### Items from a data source
:::

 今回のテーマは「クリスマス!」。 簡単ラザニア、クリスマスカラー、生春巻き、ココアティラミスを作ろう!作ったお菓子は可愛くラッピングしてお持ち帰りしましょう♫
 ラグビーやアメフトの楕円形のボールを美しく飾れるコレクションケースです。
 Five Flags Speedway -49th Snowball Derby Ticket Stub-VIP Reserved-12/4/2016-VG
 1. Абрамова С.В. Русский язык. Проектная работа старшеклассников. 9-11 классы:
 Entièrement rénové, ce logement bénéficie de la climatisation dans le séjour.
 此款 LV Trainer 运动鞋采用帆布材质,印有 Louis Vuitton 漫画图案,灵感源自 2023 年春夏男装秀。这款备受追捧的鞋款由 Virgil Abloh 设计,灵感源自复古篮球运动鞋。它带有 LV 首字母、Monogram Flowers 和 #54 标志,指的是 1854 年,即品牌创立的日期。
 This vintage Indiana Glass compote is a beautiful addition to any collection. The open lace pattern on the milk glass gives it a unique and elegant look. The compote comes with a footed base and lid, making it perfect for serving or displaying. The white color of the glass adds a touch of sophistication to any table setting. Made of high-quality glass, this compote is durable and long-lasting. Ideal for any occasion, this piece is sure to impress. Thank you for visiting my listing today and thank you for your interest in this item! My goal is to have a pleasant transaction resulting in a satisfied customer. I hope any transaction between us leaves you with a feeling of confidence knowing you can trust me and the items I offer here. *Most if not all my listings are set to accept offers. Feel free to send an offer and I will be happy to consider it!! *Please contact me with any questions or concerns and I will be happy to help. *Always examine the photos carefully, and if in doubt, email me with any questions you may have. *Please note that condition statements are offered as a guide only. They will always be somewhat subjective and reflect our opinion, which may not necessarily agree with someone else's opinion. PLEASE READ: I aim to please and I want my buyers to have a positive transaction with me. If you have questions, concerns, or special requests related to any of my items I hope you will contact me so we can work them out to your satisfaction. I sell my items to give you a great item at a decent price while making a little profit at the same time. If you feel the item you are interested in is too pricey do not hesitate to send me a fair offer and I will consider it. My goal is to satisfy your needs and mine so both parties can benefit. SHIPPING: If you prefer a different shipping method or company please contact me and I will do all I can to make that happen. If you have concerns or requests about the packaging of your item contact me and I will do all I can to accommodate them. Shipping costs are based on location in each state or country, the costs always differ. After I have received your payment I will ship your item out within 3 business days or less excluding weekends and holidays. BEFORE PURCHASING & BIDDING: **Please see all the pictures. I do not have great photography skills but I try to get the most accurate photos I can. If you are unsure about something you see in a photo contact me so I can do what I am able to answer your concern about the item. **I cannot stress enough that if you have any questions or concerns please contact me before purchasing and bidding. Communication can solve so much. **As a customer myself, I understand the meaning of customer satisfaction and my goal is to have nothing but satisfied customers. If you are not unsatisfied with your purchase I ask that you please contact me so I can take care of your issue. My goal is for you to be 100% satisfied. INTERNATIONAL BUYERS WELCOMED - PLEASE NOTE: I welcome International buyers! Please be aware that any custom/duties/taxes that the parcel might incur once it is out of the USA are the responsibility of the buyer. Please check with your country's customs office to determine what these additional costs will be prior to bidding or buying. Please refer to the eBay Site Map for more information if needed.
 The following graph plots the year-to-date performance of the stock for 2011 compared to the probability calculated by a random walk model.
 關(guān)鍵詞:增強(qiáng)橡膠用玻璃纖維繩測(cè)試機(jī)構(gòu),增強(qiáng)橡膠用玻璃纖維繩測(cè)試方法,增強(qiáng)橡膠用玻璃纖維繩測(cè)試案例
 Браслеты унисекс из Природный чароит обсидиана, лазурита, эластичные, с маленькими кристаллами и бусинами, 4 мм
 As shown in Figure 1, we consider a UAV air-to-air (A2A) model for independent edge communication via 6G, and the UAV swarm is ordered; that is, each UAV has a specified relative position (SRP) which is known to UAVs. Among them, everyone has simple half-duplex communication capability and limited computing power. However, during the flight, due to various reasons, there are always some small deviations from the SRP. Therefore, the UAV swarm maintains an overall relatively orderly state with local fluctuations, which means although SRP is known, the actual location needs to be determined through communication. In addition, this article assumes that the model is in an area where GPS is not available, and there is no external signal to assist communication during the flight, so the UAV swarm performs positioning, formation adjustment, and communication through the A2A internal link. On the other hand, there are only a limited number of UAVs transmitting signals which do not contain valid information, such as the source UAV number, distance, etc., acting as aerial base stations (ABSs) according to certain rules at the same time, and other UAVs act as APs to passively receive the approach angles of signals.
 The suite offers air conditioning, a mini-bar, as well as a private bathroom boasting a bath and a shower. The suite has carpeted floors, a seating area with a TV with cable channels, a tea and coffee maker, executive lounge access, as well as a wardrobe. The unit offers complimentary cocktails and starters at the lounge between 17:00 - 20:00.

:::

### BRIEF
Print the data above again, with nothing altered and nothing left out.

### EXERCISE RESULT
 今回のテーマは「クリスマス!」。 簡単ラザニア、クリスマスカラー、生春巻き、ココアティラミスを作ろう!作ったお菓子は可愛くラッピングしてお持ち帰りしましょう♫
 ラグビーやアメフトの楕円形のボールを美しく飾れるコレクションケースです。
 Five Flags Speedway -49th Snowball Derby Ticket Stub-VIP Reserved-12/4/2016-VG
 1. Абрамова С.В. Русский язык. Проектная работа старшеклассников. 9-11 классы:
 Entièrement rénové, ce logement bénéficie de la climatisation dans le séjour.
 此款 LV Trainer 运动鞋采用帆布材质,印有 Louis Vuitton 漫画图案,灵感源自 2023 年春夏男装秀。这款备受追捧的鞋款由 Virgil Abloh 设计,灵感源自复古篮球运动鞋。它带有 LV 首字母、Monogram Flowers 和 #54 标志,指的是 1854 年,即品牌创立的日期。
 This vintage Indiana Glass compote is a beautiful addition to any collection. The open lace pattern on the milk glass gives it a unique and elegant look. The compote comes with a footed base and lid, making it perfect for serving or displaying. The white color of the glass adds a touch of sophistication to any table setting. Made of high-quality glass, this compote is durable and long-lasting. Ideal for any occasion, this piece is sure to impress. Thank you for visiting my listing today and thank you for your interest in this item! My goal is to have a pleasant transaction resulting in a satisfied customer. I hope any transaction between us leaves you with a feeling of confidence knowing you can trust me and the items I offer here. *Most if not all my listings are set to accept offers. Feel free to send an offer and I will be happy to consider it!! *Please contact me with any questions or concerns and I will be happy to help. *Always examine the photos carefully, and if in doubt, email me with any questions you may have. *Please note that condition statements are offered as a guide only. They will always be somewhat subjective and reflect our opinion, which may not necessarily agree with someone else's opinion. PLEASE READ: I aim to please and I want my buyers to have a positive transaction with me. If you have questions, concerns, or special requests related to any of my items I hope you will contact me so we can work them out to your satisfaction. I sell my items to give you a great item at a decent price while making a little profit at the same time. If you feel the item you are interested in is too pricey do not hesitate to send me a fair offer and I will consider it. My goal is to satisfy your needs and mine so both parties can benefit. SHIPPING: If you prefer a different shipping method or company please contact me and I will do all I can to make that happen. If you have concerns or requests about the packaging of your item contact me and I will do all I can to accommodate them. Shipping costs are based on location in each state or country, the costs always differ. After I have received your payment I will ship your item out within 3 business days or less excluding weekends and holidays. BEFORE PURCHASING & BIDDING: **Please see all the pictures. I do not have great photography skills but I try to get the most accurate photos I can. If you are unsure about something you see in a photo contact me so I can do what I am able to answer your concern about the item. **I cannot stress enough that if you have any questions or concerns please contact me before purchasing and bidding. Communication can solve so much. **As a customer myself, I understand the meaning of customer satisfaction and my goal is to have nothing but satisfied customers. If you are not unsatisfied with your purchase I ask that you please contact me so I can take care of your issue. My goal is for you to be 100% satisfied. INTERNATIONAL BUYERS WELCOMED - PLEASE NOTE: I welcome International buyers! Please be aware that any custom/duties/taxes that the parcel might incur once it is out of the USA are the responsibility of the buyer. Please check with your country's customs office to determine what these additional costs will be prior to bidding or buying. Please refer to the eBay Site Map for more information if needed.
 The following graph plots the year-to-date performance of the stock for 2011 compared to the probability calculated by a random walk model.
 關(guān)鍵詞:增強(qiáng)橡膠用玻璃纖維繩測(cè)試機(jī)構(gòu),增強(qiáng)橡膠用玻璃纖維繩測(cè)試方法,增強(qiáng)橡膠用玻璃纖維繩測(cè)試案例
 Браслеты унисекс из Природный чароит обсидиана, лазурита, эластичные, с маленькими кристаллами и бусинами, 4 мм
 As shown in Figure 1, we consider a UAV air-to-air (A2A) model for independent edge communication via 6G, and the UAV swarm is ordered; that is, each UAV has a specified relative position (SRP) which is known to UAVs. Among them, everyone has simple half-duplex communication capability and limited computing power. However, during the flight, due to various reasons, there are always some small deviations from the SRP. Therefore, the UAV swarm maintains an overall relatively orderly state with local fluctuations, which means although SRP is known, the actual location needs to be determined through communication. In addition, this article assumes that the model is in an area where GPS is not available, and there is no external signal to assist communication during the flight, so the UAV swarm performs positioning, formation adjustment, and communication through the A2A internal link. On the other hand, there are only a limited number of UAVs transmitting signals which do not contain valid information, such as the source UAV number, distance, etc., acting as aerial base stations (ABSs) according to certain rules at the same time, and other UAVs act as APs to passively receive the approach angles of signals.
 The suite offers air conditioning, a mini-bar, as well as a private bathroom boasting a bath and a shower. The suite has carpeted floors, a seating area with a TV with cable channels, a tea and coffee maker, executive lounge access, as well as a wardrobe. The unit offers complimentary cocktails and starters at the lounge between 17:00 - 20:00.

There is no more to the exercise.